*** Opening of THE RECORDS ***

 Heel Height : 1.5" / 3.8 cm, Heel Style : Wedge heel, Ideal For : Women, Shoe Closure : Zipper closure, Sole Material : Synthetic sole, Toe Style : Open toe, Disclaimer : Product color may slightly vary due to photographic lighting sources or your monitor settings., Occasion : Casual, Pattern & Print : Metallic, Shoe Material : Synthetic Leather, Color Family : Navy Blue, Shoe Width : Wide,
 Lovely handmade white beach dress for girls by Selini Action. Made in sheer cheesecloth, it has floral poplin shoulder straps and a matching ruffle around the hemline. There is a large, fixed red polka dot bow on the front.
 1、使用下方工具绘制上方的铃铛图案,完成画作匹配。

*** Close of THE RECORDS ***
*** Opening of THE RECORDS ***

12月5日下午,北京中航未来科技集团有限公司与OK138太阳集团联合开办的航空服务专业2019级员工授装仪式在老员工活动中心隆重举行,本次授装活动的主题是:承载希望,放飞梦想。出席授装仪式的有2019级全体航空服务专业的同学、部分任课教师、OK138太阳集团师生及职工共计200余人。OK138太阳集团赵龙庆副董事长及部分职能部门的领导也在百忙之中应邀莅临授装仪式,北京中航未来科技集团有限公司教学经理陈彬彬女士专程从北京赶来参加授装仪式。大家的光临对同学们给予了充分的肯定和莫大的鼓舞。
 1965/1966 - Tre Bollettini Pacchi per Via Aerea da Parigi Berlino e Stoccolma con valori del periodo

*** Close of THE RECORDS ***
*** Opening of THE RECORDS ***

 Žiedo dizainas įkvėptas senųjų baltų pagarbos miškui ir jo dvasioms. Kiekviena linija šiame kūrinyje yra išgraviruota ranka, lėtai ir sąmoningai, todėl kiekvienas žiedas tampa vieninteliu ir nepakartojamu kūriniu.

*** Close of THE RECORDS ***

TASK:
Look above for the line holding "3.8 cm, Heel". Print it and every line after it, exactly, through the line holding "1、使用下方工具绘制上方的铃铛图案,完成画作匹配。".

ANSWER SECTION:
 Heel Height : 1.5" / 3.8 cm, Heel Style : Wedge heel, Ideal For : Women, Shoe Closure : Zipper closure, Sole Material : Synthetic sole, Toe Style : Open toe, Disclaimer : Product color may slightly vary due to photographic lighting sources or your monitor settings., Occasion : Casual, Pattern & Print : Metallic, Shoe Material : Synthetic Leather, Color Family : Navy Blue, Shoe Width : Wide,
 Lovely handmade white beach dress for girls by Selini Action. Made in sheer cheesecloth, it has floral poplin shoulder straps and a matching ruffle around the hemline. There is a large, fixed red polka dot bow on the front.
 1、使用下方工具绘制上方的铃铛图案,完成画作匹配。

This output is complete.